Jed Eberly and Jenni Hammontree
MSU Central Agricultural Research Center
52583 US Hwy 87
Moccasin, MT 59462

Report prepared for
ProPeat 453 Business Loop Sugar City, ID 83448
November 9, 2021

Introduction

The purpose of this study was to evaluate the efficacy of PhoSul as a phosphate fertilizer in dryland agricultural systems in the semi-arid climate of Central Montana. Total precipitation was 11.3 inches for the crop year which was around 4 inches below the 110-year average. Average annual temperature was 2.6°F higher than the 110-year mean. July was the hottest month with an average monthly temperature of 72.9°F (6.9°F above normal). Total precipitation was 0.6 in June which was only 20% of average.

Methods

A winter wheat trial was established at the MSU Central Agricultural Research Center (CARC). Treatments were compared for height, propensity to lodge, heading date, yield, test weight, and protein. Each treatment was planted in four 5 x 16 ft. plots in a randomized complete block design (RCBD) to determine differences between treatments. The study was established in a field0 that was previously planted in a lentil cover crop.
PhoSul was applied in-furrow at a rate of 75 lbs/ac. Treatments consisted of PhoSul with no starter fertilizer, PhoSul with Bacillus inoculant and 50 lb/ac 20:30:20:10 starter fertilizer, PhoSul with Bacillus inoculant and no starter fertilizer, control with 50 lb/ac 20:30:20:10 starter fertilizer and no PhoSul, and a no P control without starter fertilizer. A Bacillus inoculant was included in this study due to the putative role Bacillus plays in making P bioavailable.

The seeding date for the winter wheat study was 5 November, 2020. The planting depth was 1 inch at a rate of 60 lbs/acre. The study was sprayed with Vendetta 2 June for control of broad leaf weeds. Coated slow-release urea (46:0:0) was applied 10 June at a rate of 195 lbs/acre. Plant height and lodging scores were recorded in the field.
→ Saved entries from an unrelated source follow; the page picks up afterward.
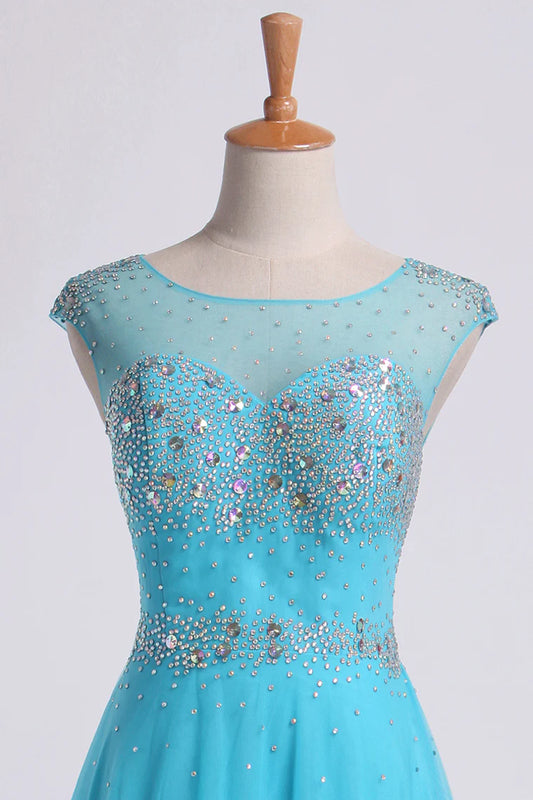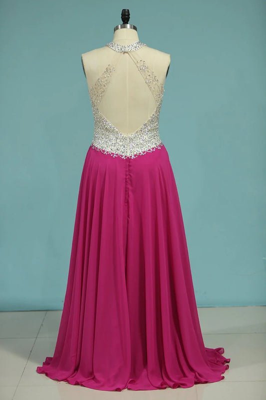 Gorgeous Party Dresses A Line Scoop Chiffon Sweep Train
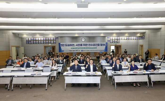 [세계로컬타임즈] 천안시의회는 9월 19일 오후 2시 천안시청 대회의실에서 '천안 도심하천, 시민을 위한 친수공간을 말하다' 정책토론회를 열었다. 이번 토론회는 도심하천을 단순한 치수·방재 기능을 넘어, 시민이 안전하게 즐길 수 있는 친수공간으로 발전시키기 위한 정책 방안을 모색하고자 마련됐다.
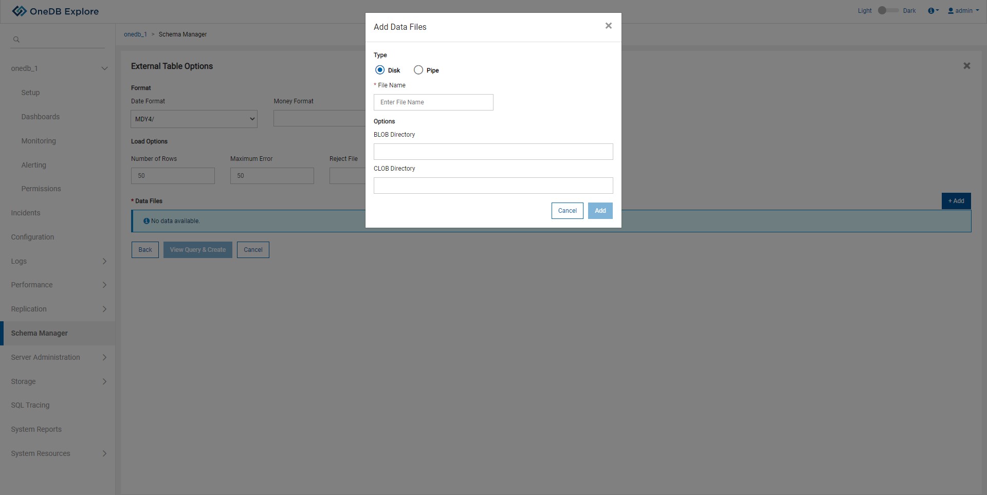 Following pop up is used to add data files to an external table.

The study was harvested 3 August 2021. Soil samples were also collected in-furrow and between rows for the PhoSul treatment, control with starter fertilizer, and the No P control to determine if PhoSul contributed to the available P. Soil samples were submitted to Ward Laboratories (Kearney, NE) for Mehlich III-P analysis. The Mehlich III test is commonly used to provide an estimate of plant available P.

Results

Drought conditions led to below average yields for this study. Total rainfall from April-July was 5.4 inches compared to the 100-year average of 8.6 inches (Table 1). Rainfall in June, a critical month for grain fill, was 0.6 inches which is only 20% of average. Winter wheat with PhoSul alone yielded 42.7 bu/ac. This was a 36% greater yield than the control with starter fertilizer and was statistically significant at p < 0.05 (Figure 1). The remaining treatments were not significantly greater than the controls. Protein averaged 14.3% across the study and protein concentrations were not significantly different between treatments (Figure 2). Soil test results showed that available P was significantly higher (p < 0.05) in-furrow compared to between rows in PhoSul treatment and control with starter fertilizer (Figure 3). In the control with no fertilizer, there was no significant difference between P in furrow and between furrows. Complete soil test results for the field are shown in Table 2.

Conclusions

Although winter wheat yields were substantially lower, due to the drought, than the historic average of over 60 bu/ac, a significant treatment effect was observed in yield. Protein was variable but no significant differences were observed. This is likely due in part to the dry conditions. Slow-release nitrogen was applied 10 June, and only 0.6 inches of rain was received that month. Fertilizer granules were still visible on the ground surface at maturity.

Soil tests indicated that the PhoSul treatment had as much plant available P as controls with 50
lb/ac starter fertilizer. In both PhoSul and the control, P levels in the root zone were significantly
higher than the bulk soil between furrows. The no unfertilized control showed no significant
difference in P concentrations between in-furrow and between furrows. These results suggest
that PhoSul is capable of meeting plant P requirements. Given that P concentrations were
virtually identical between PhoSul and the control, it seems unlikely that the yield increase with
PhoSul was a P response. PhoSul also contains S and amorphous silica, and it is possible that one
of these components contributed to the yield response.